* _Dataset content_:
- - - - -

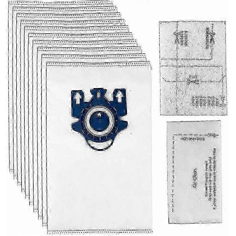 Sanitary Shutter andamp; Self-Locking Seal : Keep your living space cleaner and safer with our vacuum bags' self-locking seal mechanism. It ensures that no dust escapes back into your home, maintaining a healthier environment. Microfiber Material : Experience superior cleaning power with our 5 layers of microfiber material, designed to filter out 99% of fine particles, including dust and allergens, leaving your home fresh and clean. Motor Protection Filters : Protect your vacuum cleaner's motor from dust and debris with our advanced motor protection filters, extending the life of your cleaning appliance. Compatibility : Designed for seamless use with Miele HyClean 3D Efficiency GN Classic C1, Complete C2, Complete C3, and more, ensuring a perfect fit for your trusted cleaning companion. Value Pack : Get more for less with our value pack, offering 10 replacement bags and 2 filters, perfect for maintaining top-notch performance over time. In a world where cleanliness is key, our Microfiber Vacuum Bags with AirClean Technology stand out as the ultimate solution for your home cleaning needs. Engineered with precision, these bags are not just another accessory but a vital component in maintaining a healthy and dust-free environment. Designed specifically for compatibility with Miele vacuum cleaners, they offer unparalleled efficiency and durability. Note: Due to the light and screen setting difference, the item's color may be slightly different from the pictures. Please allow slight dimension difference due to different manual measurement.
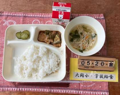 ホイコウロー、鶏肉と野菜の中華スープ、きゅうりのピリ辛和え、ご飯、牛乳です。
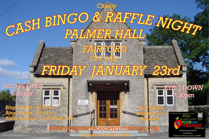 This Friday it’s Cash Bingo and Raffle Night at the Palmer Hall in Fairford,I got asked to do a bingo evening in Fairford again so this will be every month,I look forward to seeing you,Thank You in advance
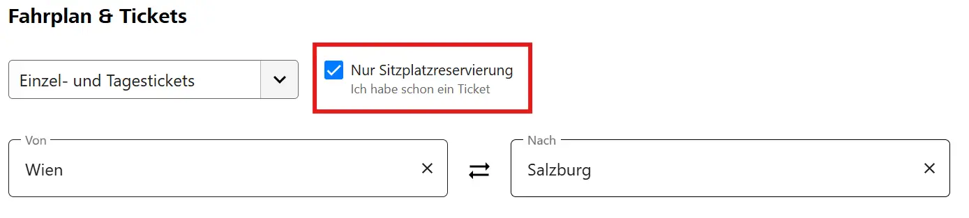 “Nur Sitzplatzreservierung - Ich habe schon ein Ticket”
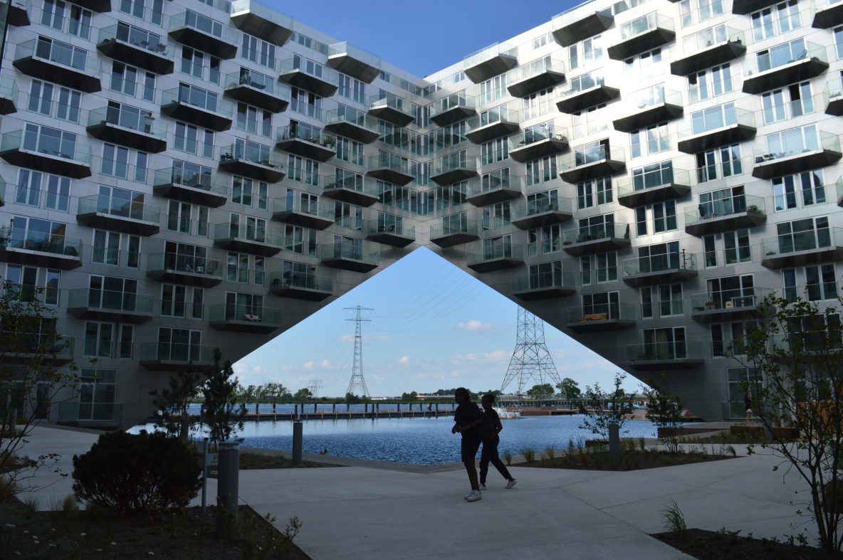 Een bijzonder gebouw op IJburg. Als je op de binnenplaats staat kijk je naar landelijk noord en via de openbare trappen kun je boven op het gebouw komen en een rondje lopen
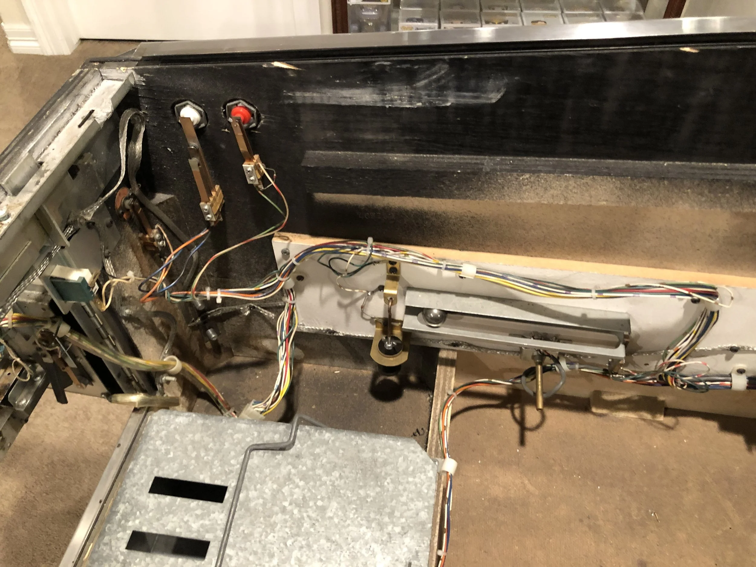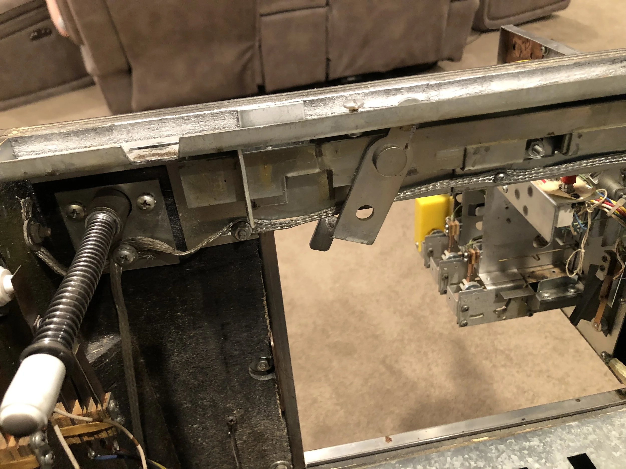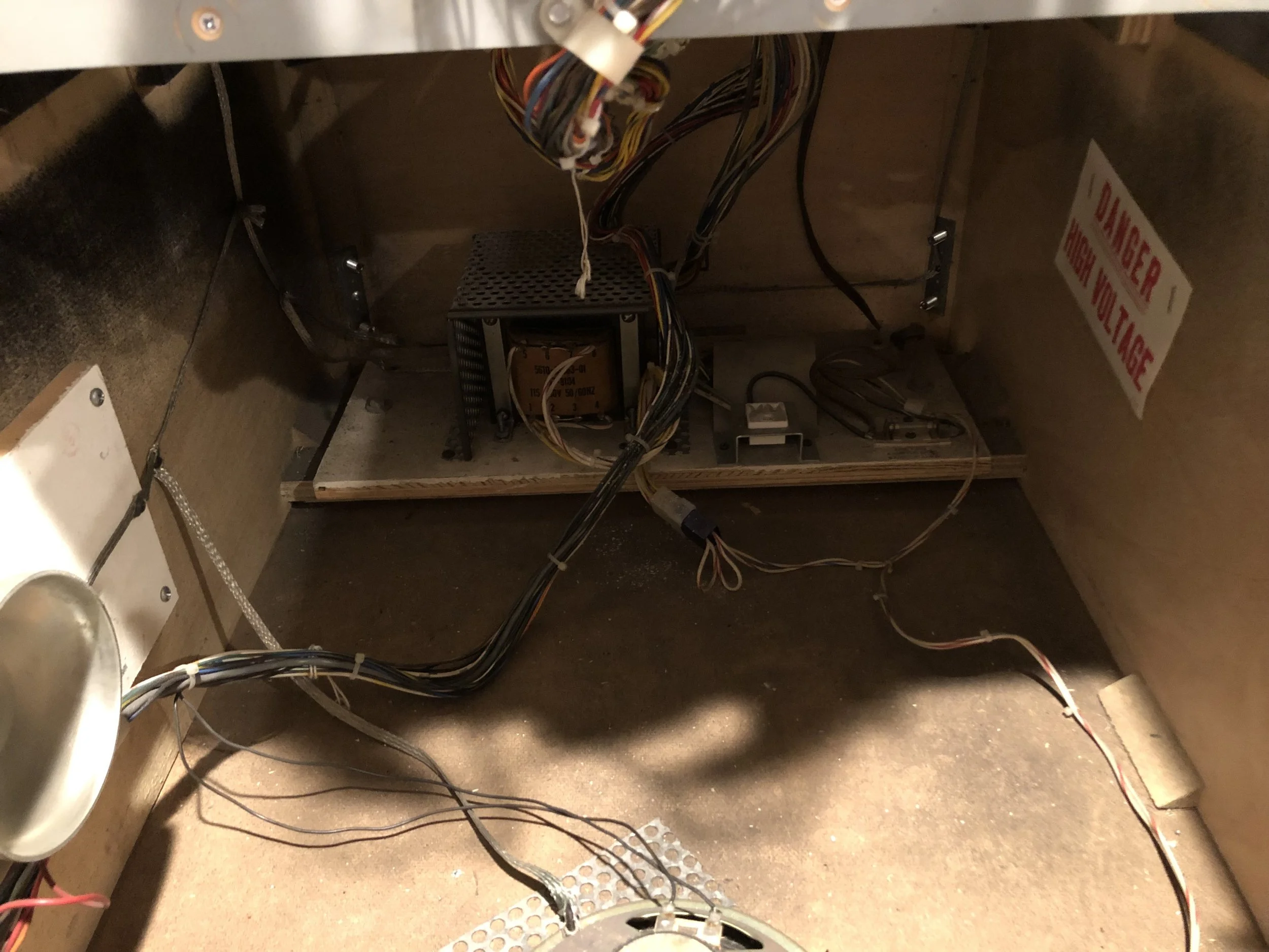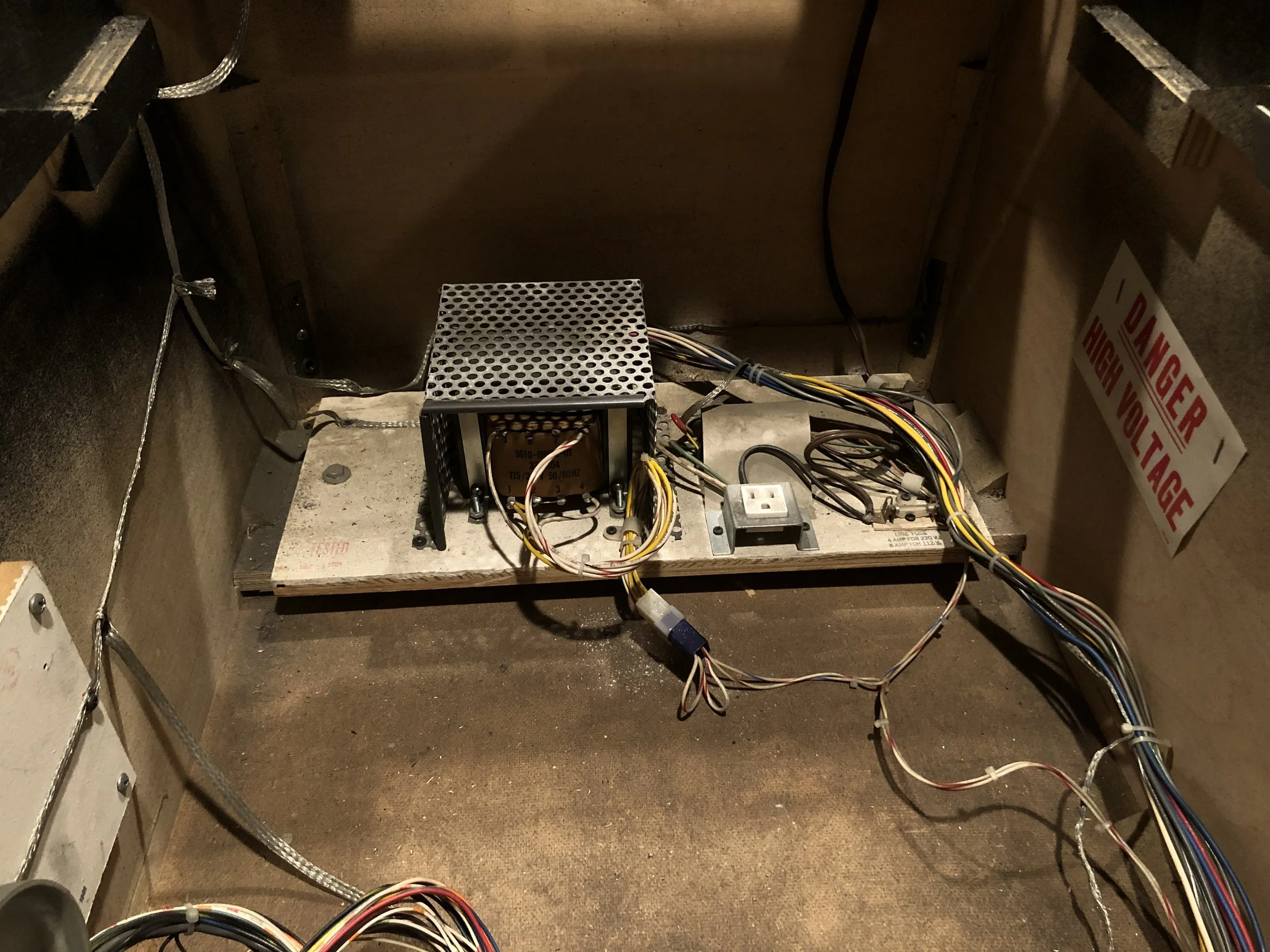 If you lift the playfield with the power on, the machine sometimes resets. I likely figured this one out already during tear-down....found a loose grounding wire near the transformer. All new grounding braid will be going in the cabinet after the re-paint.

- - - - -

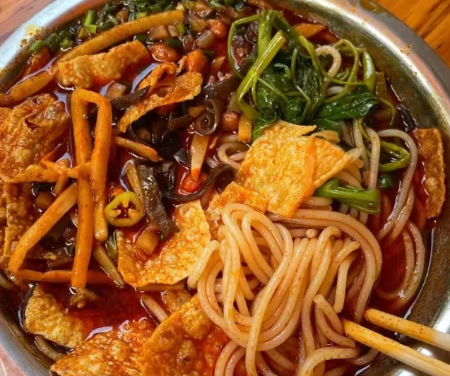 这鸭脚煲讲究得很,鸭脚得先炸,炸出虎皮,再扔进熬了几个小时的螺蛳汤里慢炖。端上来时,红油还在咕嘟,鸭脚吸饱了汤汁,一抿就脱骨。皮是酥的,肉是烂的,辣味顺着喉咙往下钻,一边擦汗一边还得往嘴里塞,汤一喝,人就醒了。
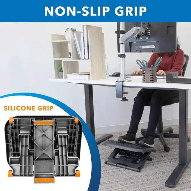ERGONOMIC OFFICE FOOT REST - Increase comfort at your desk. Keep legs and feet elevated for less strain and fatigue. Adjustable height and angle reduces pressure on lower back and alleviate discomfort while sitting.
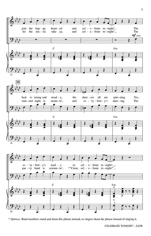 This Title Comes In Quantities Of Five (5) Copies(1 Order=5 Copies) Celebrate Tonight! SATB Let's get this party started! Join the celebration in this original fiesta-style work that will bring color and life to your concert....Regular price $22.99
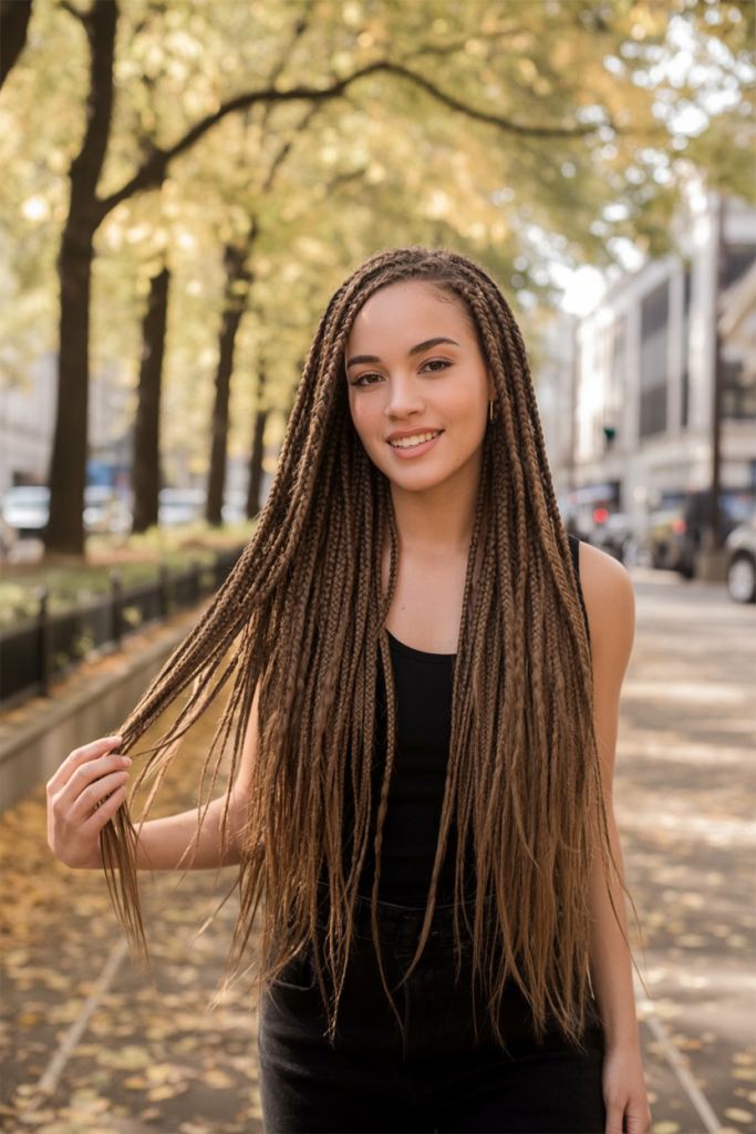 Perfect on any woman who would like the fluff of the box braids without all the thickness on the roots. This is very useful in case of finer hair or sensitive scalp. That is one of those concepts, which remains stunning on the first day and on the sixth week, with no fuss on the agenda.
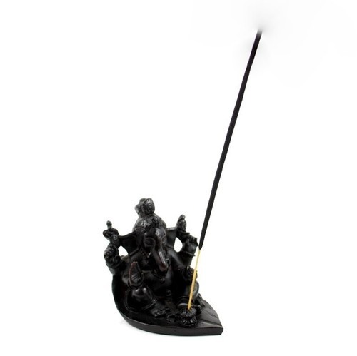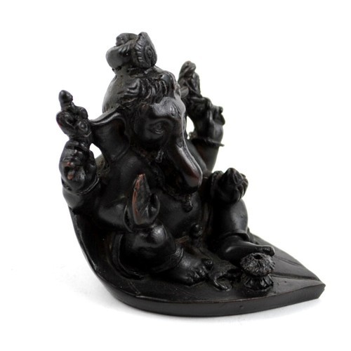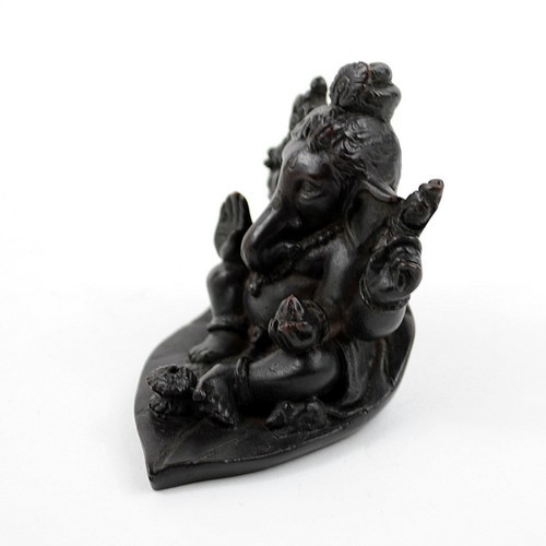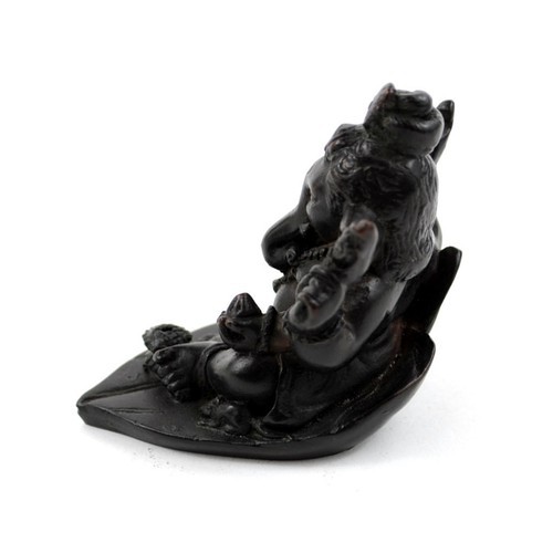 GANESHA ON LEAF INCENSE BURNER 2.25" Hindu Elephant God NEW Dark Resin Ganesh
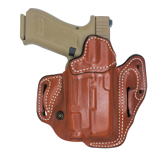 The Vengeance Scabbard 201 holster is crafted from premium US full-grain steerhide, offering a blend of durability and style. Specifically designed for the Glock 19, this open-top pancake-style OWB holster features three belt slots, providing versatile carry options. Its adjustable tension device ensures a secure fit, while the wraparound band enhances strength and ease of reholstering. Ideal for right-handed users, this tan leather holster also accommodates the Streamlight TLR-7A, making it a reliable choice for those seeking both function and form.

- - - - -

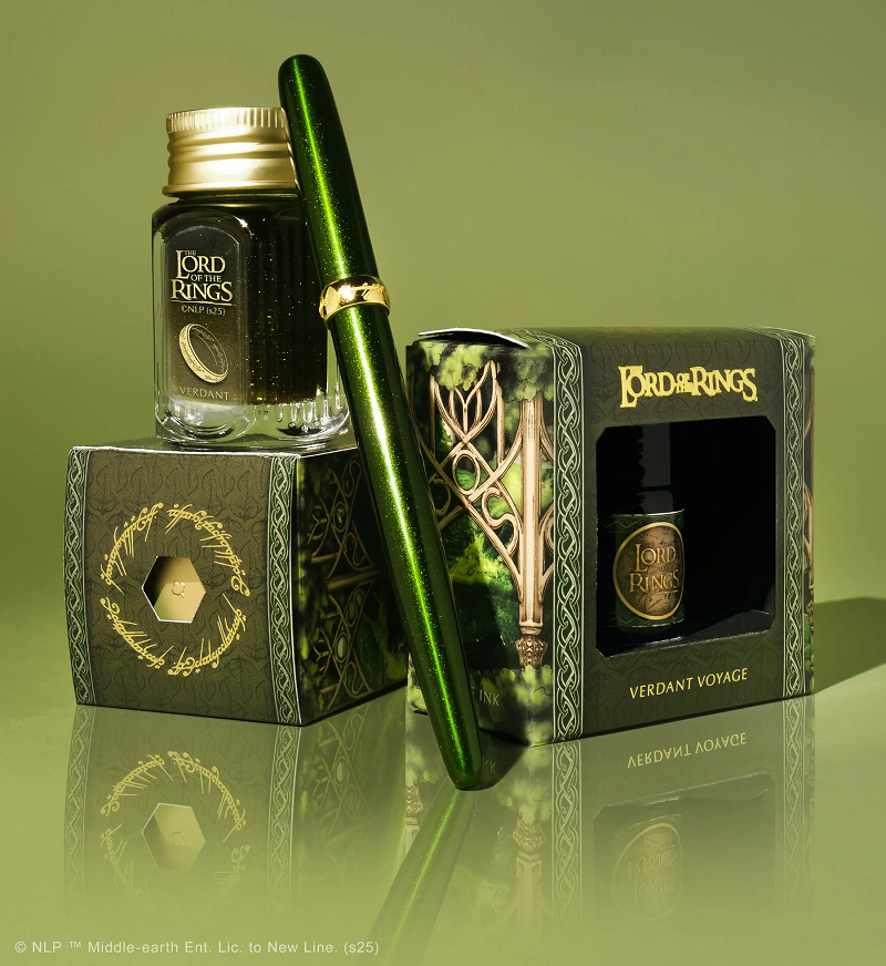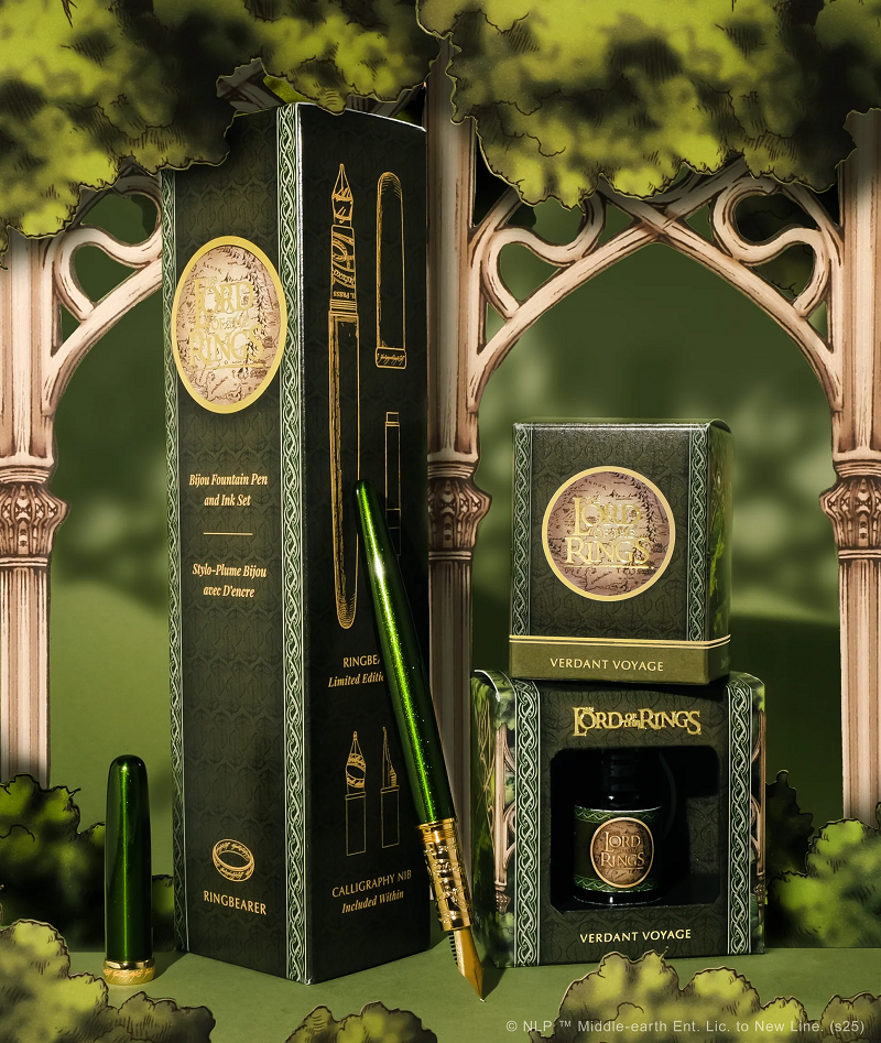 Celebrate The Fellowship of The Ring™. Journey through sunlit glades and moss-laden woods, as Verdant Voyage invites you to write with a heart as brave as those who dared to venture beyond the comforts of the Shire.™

- - - - -

* _Problem statement_:
Using the data above, output the line that has "Perfect on any", the line that has "GANESHA ON LEAF", and whatever lines fall between, each exactly as it stands and without pictures.

* _Task response_:
 Perfect on any woman who would like the fluff of the box braids without all the thickness on the roots. This is very useful in case of finer hair or sensitive scalp. That is one of those concepts, which remains stunning on the first day and on the sixth week, with no fuss on the agenda.
 GANESHA ON LEAF INCENSE BURNER 2.25" Hindu Elephant God NEW Dark Resin Ganesh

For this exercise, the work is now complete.